Korean J Gastroenterol.  2020 Dec;76(6):331-336. 10.4166/kjg.2020.123.

Percutaneous Trans-splenic Obliteration for Duodenal Variceal bleeding: A Case Report

Affiliations
  • 1Department of Internal Medicine, Busan Paik Hospital, Inje University College of Medicine, Busan, Korea
  • 2Department of Radiology, Pusan National University Hospital, Busan, Korea

Abstract

Duodenal varices are a serious complication of portal hypertension. Bleeding from duodenal varices is rare, but when bleeding does occur, it is massive and can be fatal. Unfortunately, the optimal therapeutic modality for duodenal variceal bleeding is unclear. This paper presents a patient with duodenal variceal bleeding that was managed successfully using percutaneous trans-splenic variceal obliteration (PTVO). A 56-year-old man with a history of alcoholic cirrhosis presented with a 6-day history of melena. Emergency esophagogastroduodenoscopy revealed a large, bluish mass with a nipple sign in the second portion of the duodenum. Coil embolization of the duodenal varix was performed via a trans-splenic approach (i.e., PTVO). The patient no longer complained of melena after treatment. The duodenal varix was no longer visible at the follow-up esophagogastroduodenoscopy performed three months after PTVO. The use of PTVO might be a viable option for the treatment of duodenal variceal bleeding.

Keyword

Duodenum; Varicose veins; Gastrointestinal hemorrhage; Embolization; therapeutic

Figure

  • Fig. 1 Esophagogastroduodenoscopy (EGD) and dynamic computed tomography (CT) at the time of initial diagnosis. (A) EGD reveals a large varix measuring >5 mm with a nipple sign (arrow) in the second portion of the duodenum. (B, C) The portal phase of dynamic CT shows a varix in the second portion of the duodenum (arrows). (D) A hepatic nodule in segment 5 (arrows) measures about 1 cm and exhibits enhancement in the arterial phase (E) without washout in the portal phase or (F) delayed phase.

  • Fig. 2 Percutaneous trans-splenic variceal obliteration for the treatment of duodenal variceal bleeding. (A) Direct portography shows a shunt between the afferent feeding vein, originating from the portal vein, and the duodenal varix. (B) Coil embolizationis successfully performed. (C) Complete obliteration is confirmed in the following portography.

  • Fig. 3 Esophagogastroduodenoscopy (EGD) and dynamic computed tomography (CT) performed 3 days after percutaneous trans-splenic variceal obliteration. (A) EGD reveals a varix in the second portion of the duodenum that decreased in size from the initial examination (B, C) The portal phase of dynamic CT shows a duodenal varix decreased in size from the time of initial imaging (arrows).

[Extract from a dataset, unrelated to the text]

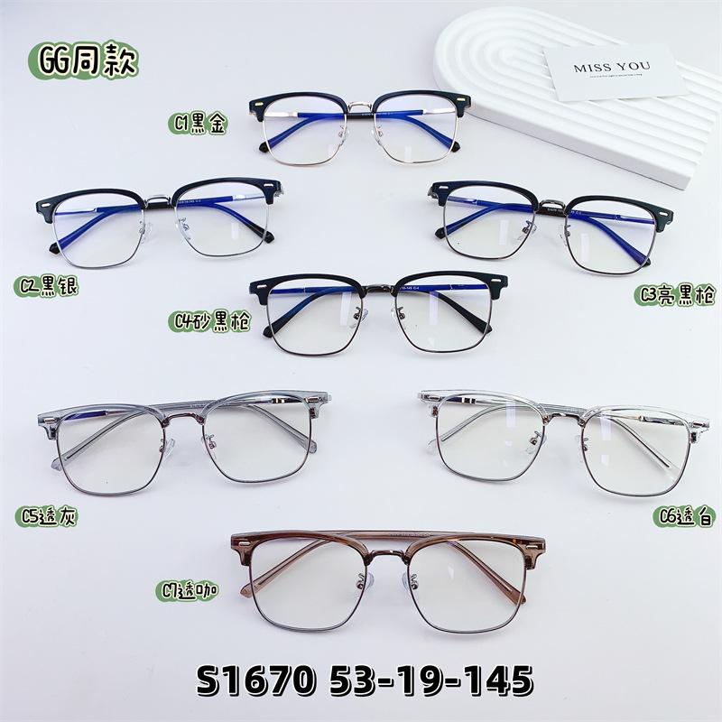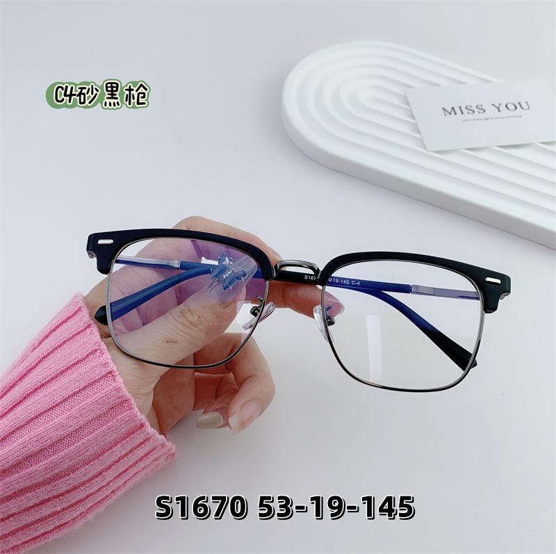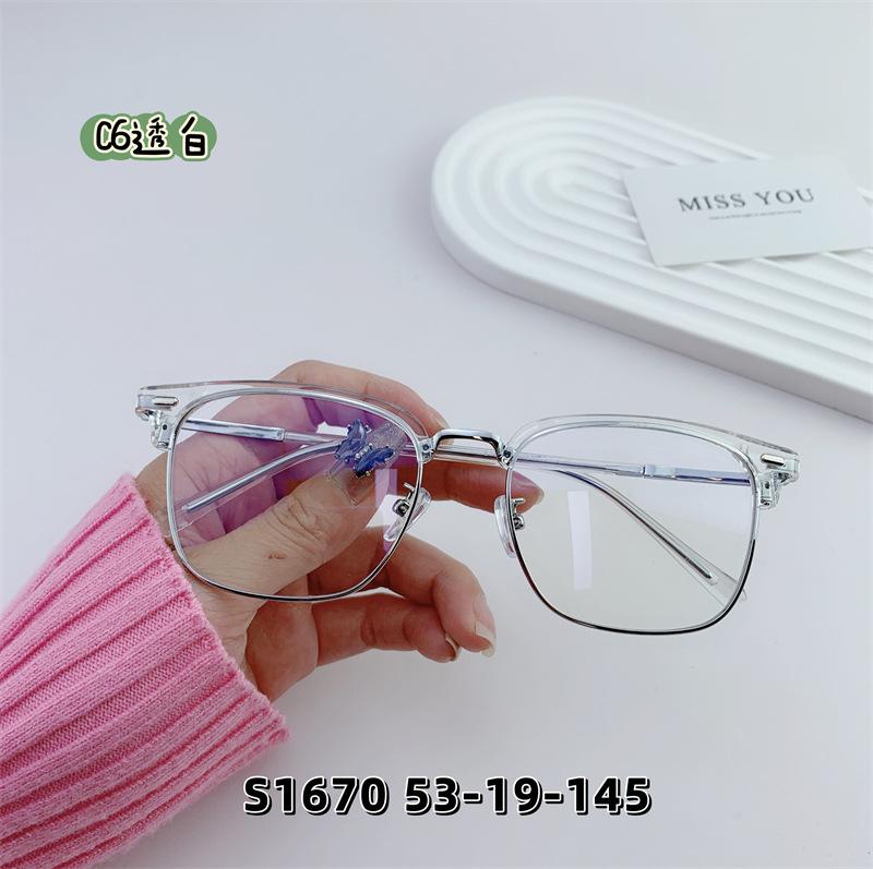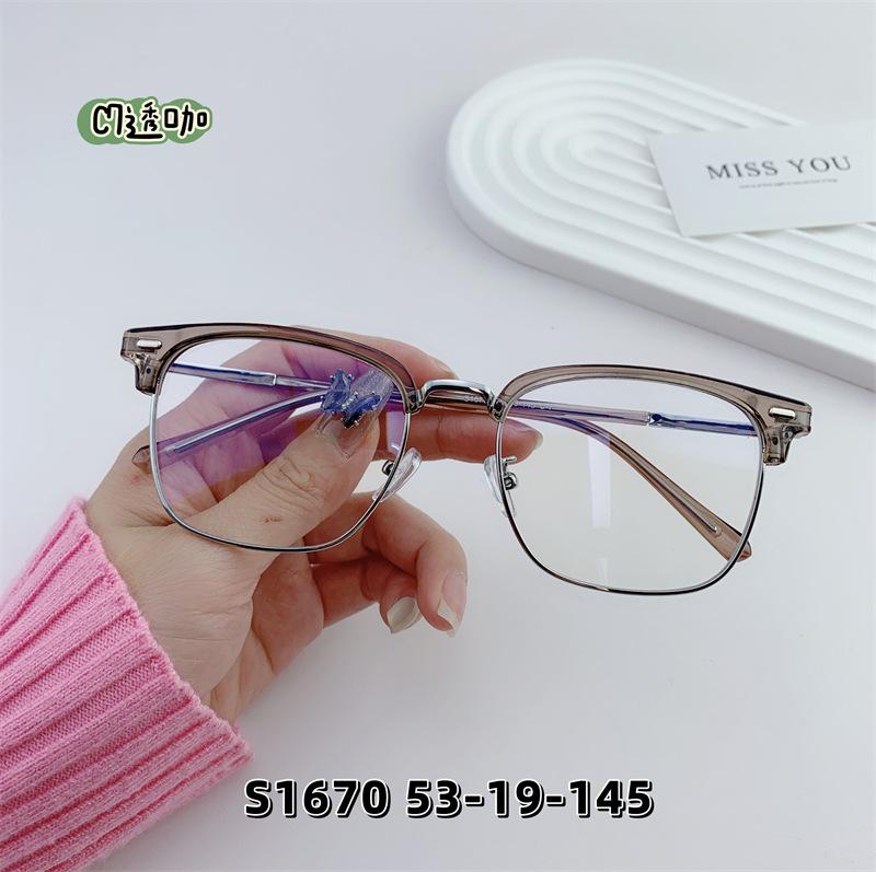 Nuevo armazón de cejas TR metal transparente para negocios hombres y mujeres moderno liso armazón de gafas de luz sencilla anti-luz azul 1670

  • Fig. 4 Esophagogastroduodenoscopy (EGD) and dynamic computed tomography (CT) performed 3 months after percutaneous trans-splenic variceal obliteration. (A) EGD reveals that the varix in the second portion of the duodenum are no longer visible. (B, C) The portal phase of dynamic CT shows that the size of the duodenal varix (arrows) have decreased in size compared with the imaging performed 3 days after treatment. (D) The hepatic nodule in segment 5 (arrows) exhibits faint enhancement in the arterial phase (E) without washout in the portal phase or (F) delayed phase. It has not changed in size compared with the imaging obtained at the time of diagnosis.